There is no way to nail down a mechanism that isn't physical and anonymous (i.e. doe not know the context of what it is connected to), and trying to claim that inanimate objects are self-aware is a bit of a stretch. We reach the conclusion that there is no good way to describe aware experience arising from the physical.
Nor do any simple metaphysical notions of "soul" work, as any metaphysical system run into similar issues (if there is a soul, then by what process does it give rise to awareness)
So analyzing the process of detecting a disk on a screen is somehow supposed to permit conclusions on consciousness?
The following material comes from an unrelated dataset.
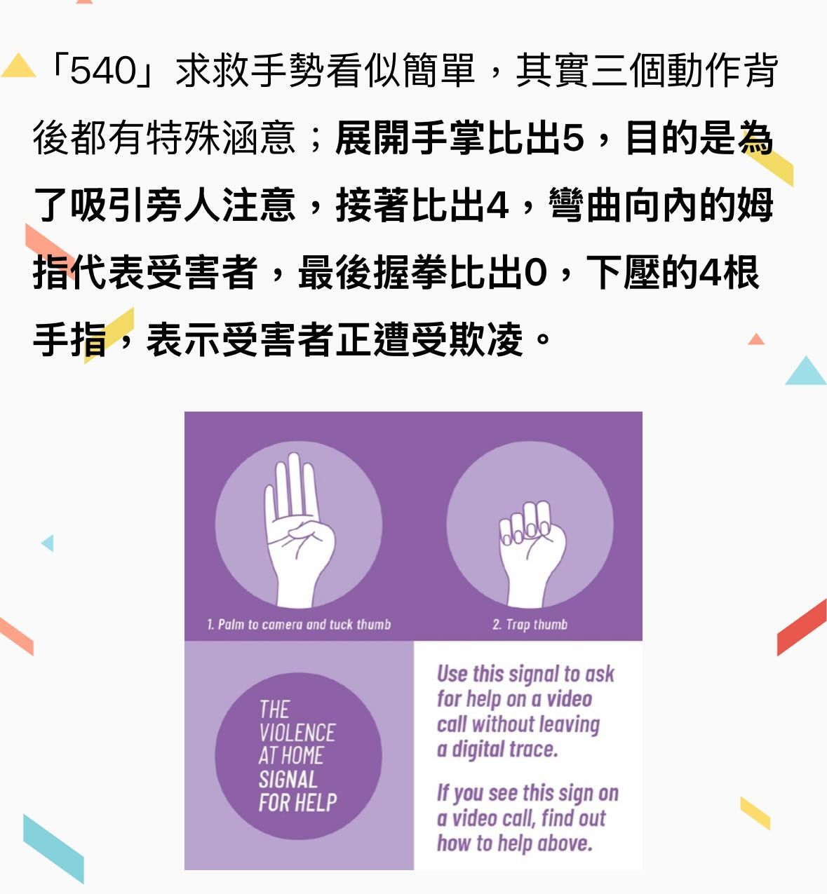 帖文曝光後,不少網民都感謝事主和其他店員的機警和幫忙,並提醒不管男女都要記下來,「說真的,要有更多人看懂『540』才行,不管男女」、「求救訊號要大大推廣,讓受害者跟大眾都清楚,以幫助那些受困已久的受害者,感謝你的機靈」、「天呀!你們好棒、好機警。之前看到都一直想說如果遇到的一天要怎麼處理,還好你們當機立斷!真的超棒的」、「好像也有看過手心中央黑點,也是代表人身安全受到威脅的意思」、「感謝分享,第一次知道有這個手勢,真的很重要」、「你們超棒的,拯救了一個女孩子,謝謝你們,真的要學起來,『540』很重要」。

Well, my cat meows when I switch on the light so I suppose I should write about how "Electricity suggests language development is intrinsic in mammals"
Yes. When a person is conscious of a disk on the screen, their brain scans look very different from when they do not detect the disk. And there isn't just one part of the brain that changes. I'm not saying fMRI is a great tool for this, but it seems like a pretty clear conclusion.
The fact that it's such a small thing that they're testing is what makes the large reaction so interesting. They were trying to determine what part of the brain is involved in detecting an object, but just that tiny bit of awareness seems to be widely spread out.
It gets even sillier when you consider that the criteria for what things are considered conscious seems to be quite arbitrary. They say a human is conscious. Is a dog? I think most people would agree if a human is conscious a dog is. Is a squirrel? I think most people would agree. Is a lizard? Maybe. Is a spider? eh... Is a worm? well some might only have ~300 neurons... Is a plant? Well, no neurons, but they technically do react to stimuli...
How about a rock? Well it certainly doesn't have any neurons and doesn't react to stimuli but what is so special about neurons and reacting to stimuli anyway? The concept of a threshold for consciousness doesn't seem to hold any weight to it. It has nothing backing it up.
When two particles interact with each other is a barrier of consciousness formed? Are all systems conscious? Is the universe conscious? Are all possible systems made up of all the connections of all the constituent parts of the universe conscious?